Implementing AI? You’d Better Think About Security First

Though it’s been around for decades, artificial intelligence (AI) has made itself known in today’s digital space. From marketing programs to laboratories, AI has made an impact in every industry. Whiles this technology could help your business run smoother, there is so much to learn and prepare for before even thinking of implementation. Machine learning (ML), the most common form of AI, is the process of training a machine to make future predictions based on historical data. What makes AI and ML so unique is the adaptability and learning. However, Machine learning doesn’t learn like a human. Stephanie Domas, Forbes Technology council member and Chief Security Technology Strategist at Intel, differentiates machine learning and human learning like this: We’re taught to identify holistically and with supporting context: A stop sign is red, hexagonal and has white letters on it. In contrast, AI is simply given large sets of labeled training data and told to figure out on its own how to differentiate; we don’t tell it how to learn. For the stop sign, the AI learned that black and white in certain areas meant different signs. The black and white perturbations on the stop sign lined up with patterns of black and white blocks on a “Speed Limit 45” sign. Thus, the AI learns that this is a speed limit sign. This technological advancement learns in a more complex process. There is so much to consider with the data input and analysis when it comes to machine learning and artificial intelligence. Domas shares an article in Forbes that emphasizes the security risks and know-hows when implementing an AI. She notes the importance of understanding the potential cybersecurity risks of AI so you can responsibly approach the adoption of AI.

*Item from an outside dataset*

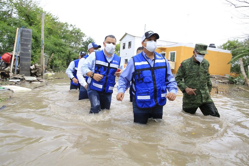 Fueron 45 las colonias afectadas, 23 de ellas en mayor grado, y el resto con inundaciones parciales, y en el recorrido, Francisco García Cabeza de Vaca entregó kits de limpieza, agua potable, comida caliente y paquetes alimenticios, beneficios que están siendo entregados diariamente en los sectores mayormente afectados.

  • Keep humans in the loop. “AI should augment human intelligence, not replace it. Human judgment is needed to ensure proper training, detect anomalies and make course corrections if something is wrong with the model.”
  • Understand the risks. “What happens if the AI is wrong—is it a funny story, or could people potentially be harmed? The risks involved with implementing AI ultimately depend on what the AI is meant to do and what kinds of data and systems it has access to.”
  • Plan for model testing and maintenance. “Just like other forms of software, AI algorithms need to be updated and patched. Algorithms should be continually tested and updated whenever new threats are detected or the model is not performing as expected.”
  • Ask the right questions. “If you are buying an off-the-shelf AI, make sure you keep cybersecurity in mind and ask the right questions when purchasing. How was the model trained? What is it meant to do? How was it tested? What is the company’s plan for ongoing testing and maintenance?”

There is a learning curve for both you and your AI. So before you use AI to solve your business problems, Domas reminds us to be deliberate, be intentional and be responsible.